• Problem: Take the lines below from the one with "Türk Hava Kuvvetlerinin" through the one with "Pegatina Redonda Abeja" and retype them exactly. Include nothing else, and no pictures.

• Given records:
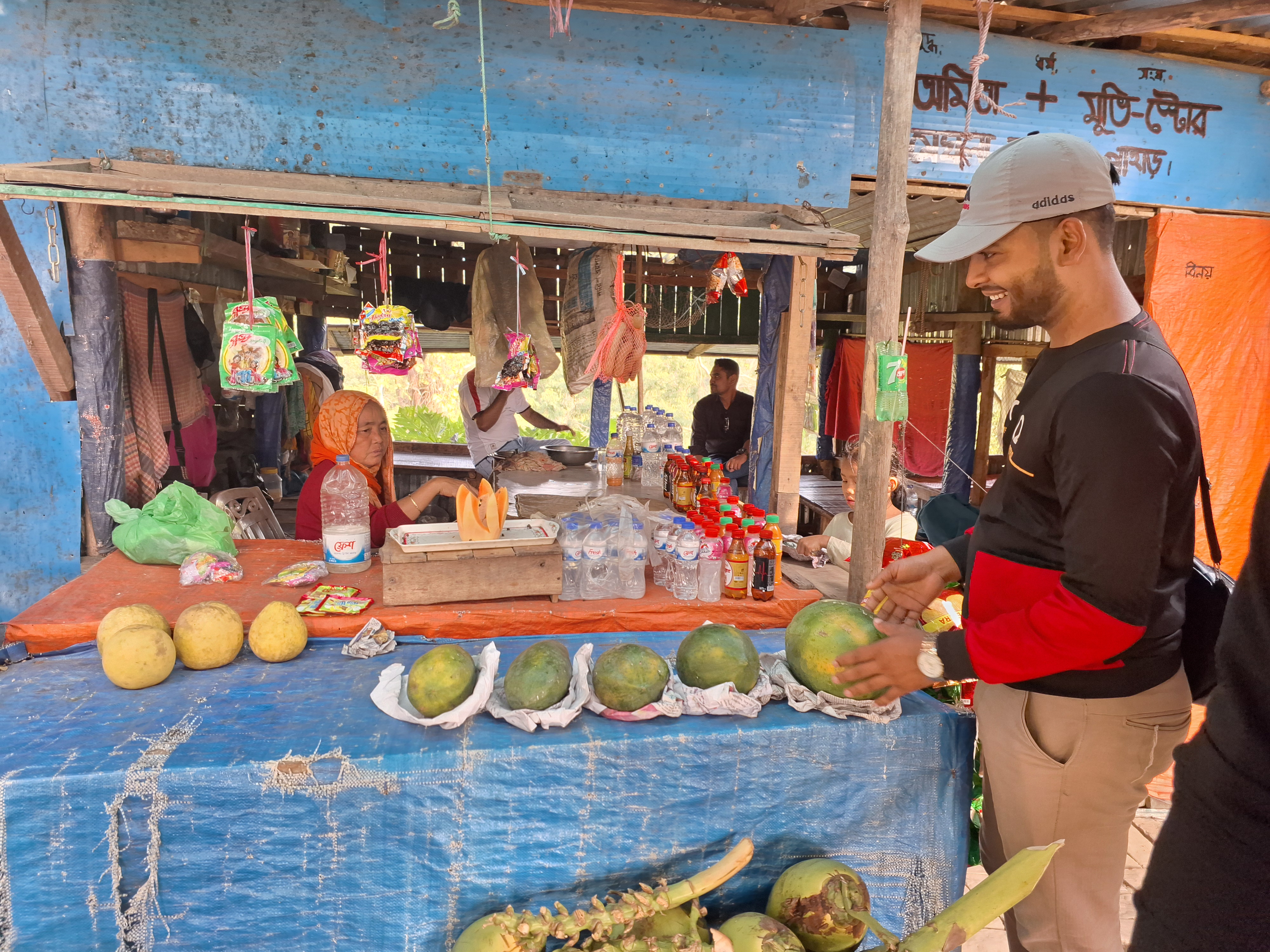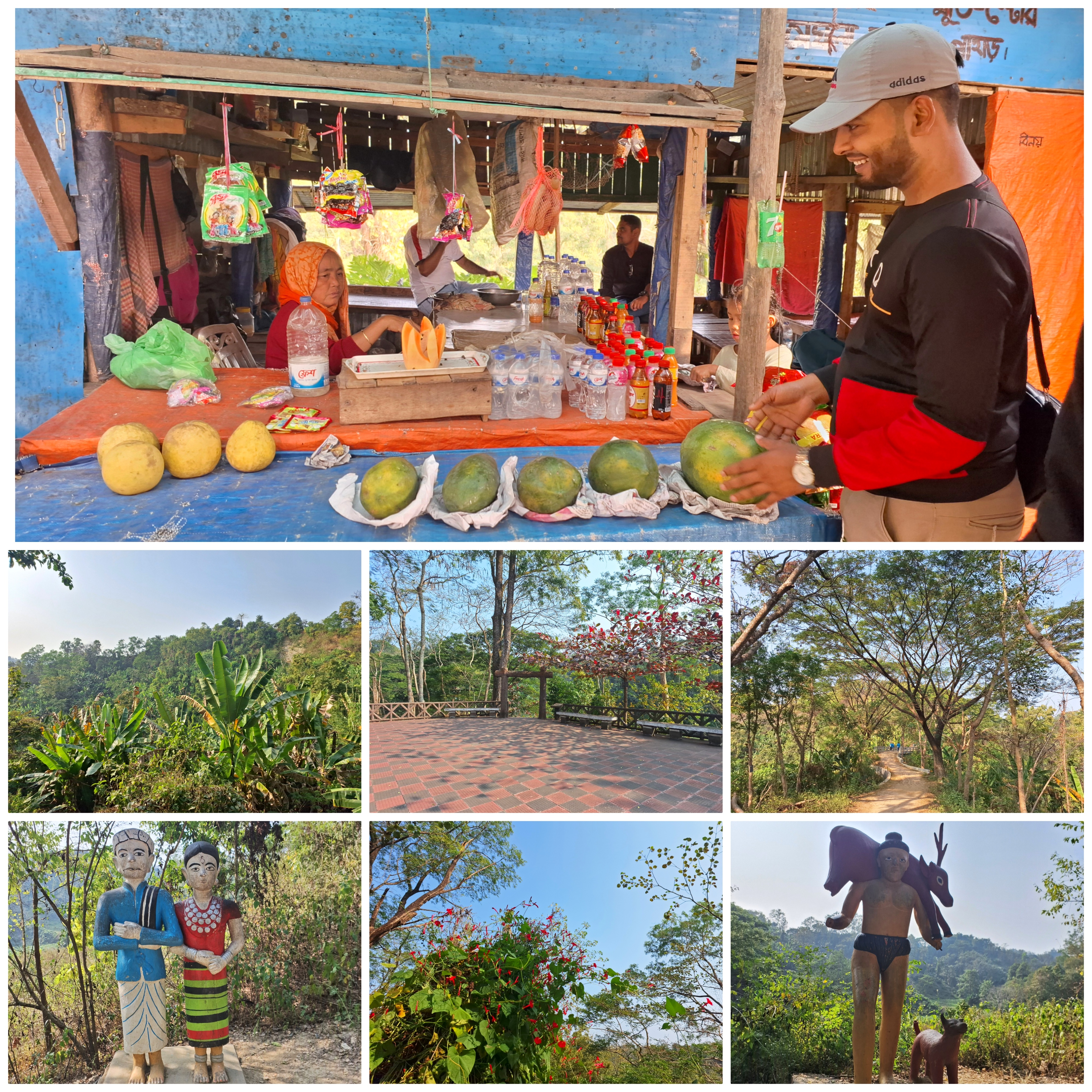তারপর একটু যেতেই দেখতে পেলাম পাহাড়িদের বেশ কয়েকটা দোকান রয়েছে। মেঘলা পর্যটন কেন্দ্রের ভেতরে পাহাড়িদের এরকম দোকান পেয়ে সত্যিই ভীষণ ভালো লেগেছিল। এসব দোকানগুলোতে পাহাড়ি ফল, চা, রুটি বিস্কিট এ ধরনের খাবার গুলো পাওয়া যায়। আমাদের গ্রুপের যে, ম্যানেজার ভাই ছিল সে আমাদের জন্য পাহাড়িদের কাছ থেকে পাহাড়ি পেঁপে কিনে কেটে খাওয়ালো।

--

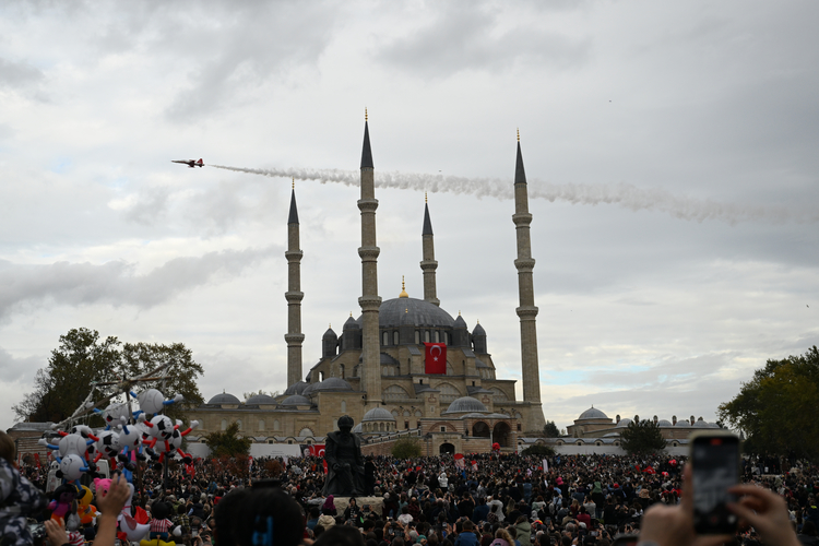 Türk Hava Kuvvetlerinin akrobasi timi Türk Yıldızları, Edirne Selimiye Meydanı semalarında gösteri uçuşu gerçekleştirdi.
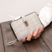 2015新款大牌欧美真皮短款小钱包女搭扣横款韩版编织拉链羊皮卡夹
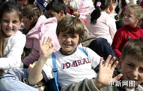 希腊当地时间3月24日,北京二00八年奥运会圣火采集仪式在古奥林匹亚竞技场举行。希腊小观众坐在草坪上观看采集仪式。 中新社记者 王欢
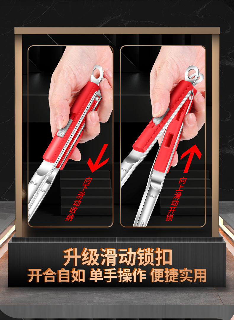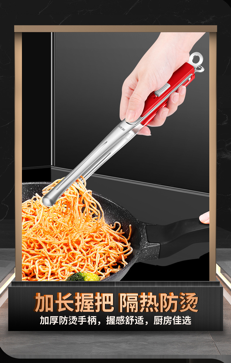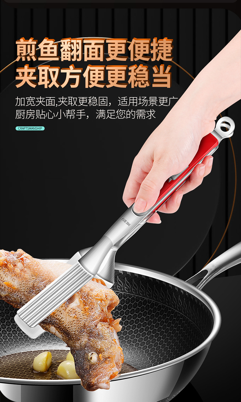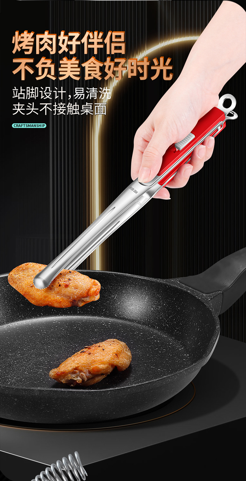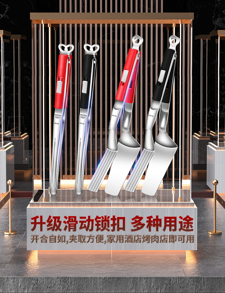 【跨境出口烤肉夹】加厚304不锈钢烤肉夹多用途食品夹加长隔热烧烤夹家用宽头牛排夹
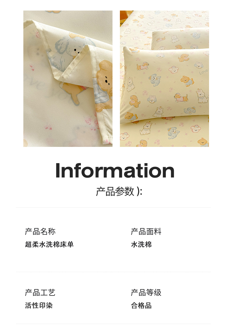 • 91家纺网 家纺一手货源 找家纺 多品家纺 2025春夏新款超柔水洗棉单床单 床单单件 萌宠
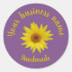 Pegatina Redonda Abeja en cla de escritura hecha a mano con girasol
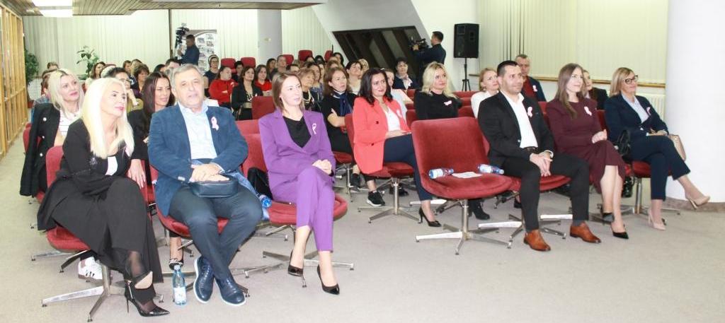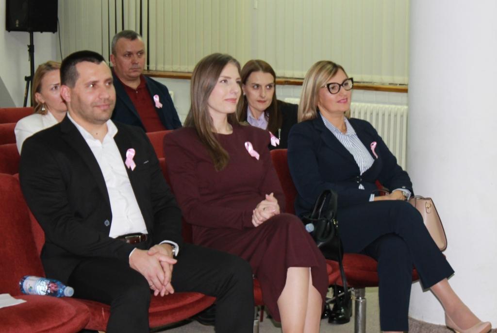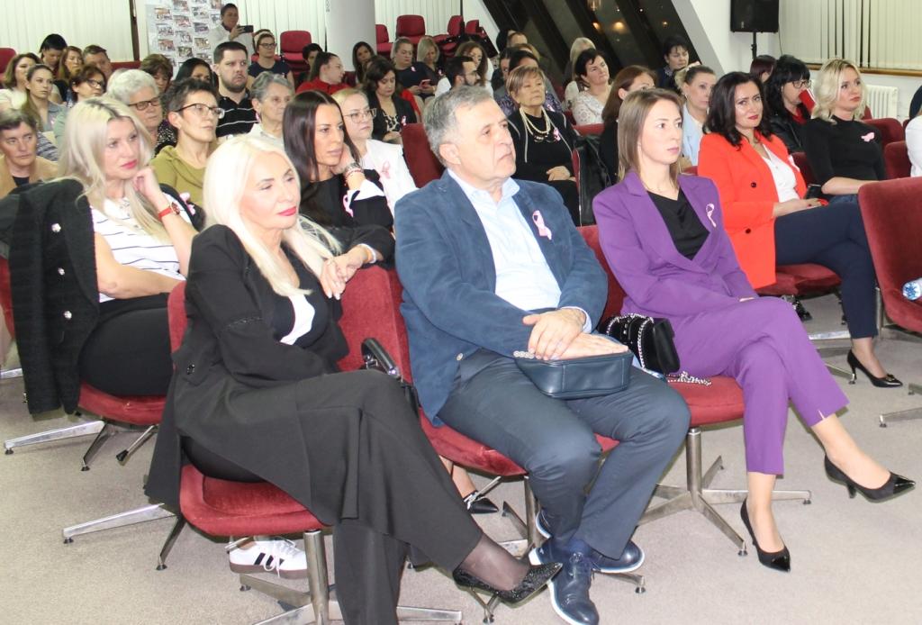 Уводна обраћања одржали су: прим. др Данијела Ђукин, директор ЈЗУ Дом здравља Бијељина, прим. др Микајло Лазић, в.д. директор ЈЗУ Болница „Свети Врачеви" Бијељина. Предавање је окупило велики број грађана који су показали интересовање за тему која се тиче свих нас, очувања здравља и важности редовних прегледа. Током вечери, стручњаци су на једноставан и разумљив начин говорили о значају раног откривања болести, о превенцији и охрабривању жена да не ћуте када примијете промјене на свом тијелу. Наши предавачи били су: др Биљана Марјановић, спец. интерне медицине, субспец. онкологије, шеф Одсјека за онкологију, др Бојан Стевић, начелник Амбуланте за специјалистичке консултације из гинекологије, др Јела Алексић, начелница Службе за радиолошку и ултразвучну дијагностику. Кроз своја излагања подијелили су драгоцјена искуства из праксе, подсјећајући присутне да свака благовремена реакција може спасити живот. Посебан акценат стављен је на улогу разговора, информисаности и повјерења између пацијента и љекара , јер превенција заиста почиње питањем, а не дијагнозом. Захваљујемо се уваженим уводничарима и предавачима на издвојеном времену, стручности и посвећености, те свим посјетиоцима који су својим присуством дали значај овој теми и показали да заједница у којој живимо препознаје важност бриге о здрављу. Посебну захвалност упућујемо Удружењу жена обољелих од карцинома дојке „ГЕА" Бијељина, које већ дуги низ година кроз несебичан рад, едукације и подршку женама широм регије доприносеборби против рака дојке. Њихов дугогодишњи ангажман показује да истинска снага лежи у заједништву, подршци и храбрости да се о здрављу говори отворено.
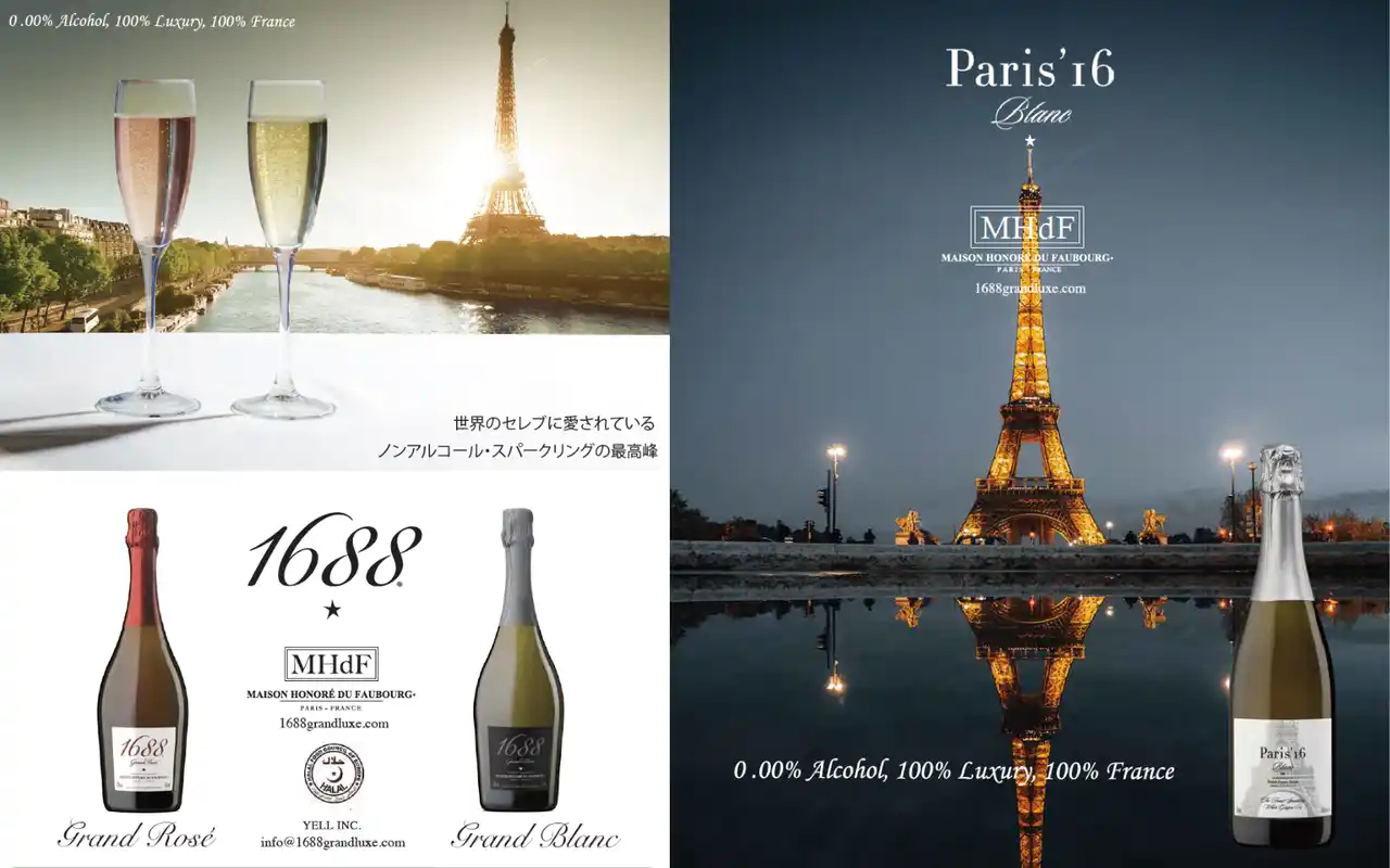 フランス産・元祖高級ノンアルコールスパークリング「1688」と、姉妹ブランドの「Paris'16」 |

--

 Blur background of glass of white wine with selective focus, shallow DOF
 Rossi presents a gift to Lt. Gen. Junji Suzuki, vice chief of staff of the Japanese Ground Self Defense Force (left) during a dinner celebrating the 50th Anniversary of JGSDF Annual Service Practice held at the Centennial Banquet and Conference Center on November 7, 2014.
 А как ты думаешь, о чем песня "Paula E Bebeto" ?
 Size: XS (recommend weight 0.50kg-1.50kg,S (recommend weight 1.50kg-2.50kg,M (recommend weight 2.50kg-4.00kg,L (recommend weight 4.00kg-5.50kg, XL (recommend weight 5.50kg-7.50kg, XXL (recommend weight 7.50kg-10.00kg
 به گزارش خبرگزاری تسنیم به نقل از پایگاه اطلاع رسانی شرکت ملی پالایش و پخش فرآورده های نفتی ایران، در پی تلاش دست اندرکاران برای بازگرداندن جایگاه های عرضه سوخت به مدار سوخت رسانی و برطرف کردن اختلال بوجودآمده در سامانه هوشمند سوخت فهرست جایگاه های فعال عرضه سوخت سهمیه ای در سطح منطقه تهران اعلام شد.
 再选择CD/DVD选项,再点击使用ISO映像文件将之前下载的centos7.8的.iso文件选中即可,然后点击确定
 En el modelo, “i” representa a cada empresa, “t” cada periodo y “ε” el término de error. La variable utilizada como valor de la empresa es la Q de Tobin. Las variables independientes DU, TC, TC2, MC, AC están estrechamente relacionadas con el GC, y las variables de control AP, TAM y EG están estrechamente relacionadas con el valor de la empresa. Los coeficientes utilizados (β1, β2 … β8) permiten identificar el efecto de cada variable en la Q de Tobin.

• Task result:
 Türk Hava Kuvvetlerinin akrobasi timi Türk Yıldızları, Edirne Selimiye Meydanı semalarında gösteri uçuşu gerçekleştirdi.
 2015新款大牌欧美真皮短款小钱包女搭扣横款韩版编织拉链羊皮卡夹
 希腊当地时间3月24日,北京二00八年奥运会圣火采集仪式在古奥林匹亚竞技场举行。希腊小观众坐在草坪上观看采集仪式。 中新社记者 王欢
 【跨境出口烤肉夹】加厚304不锈钢烤肉夹多用途食品夹加长隔热烧烤夹家用宽头牛排夹
 • 91家纺网 家纺一手货源 找家纺 多品家纺 2025春夏新款超柔水洗棉单床单 床单单件 萌宠
 Pegatina Redonda Abeja en cla de escritura hecha a mano con girasol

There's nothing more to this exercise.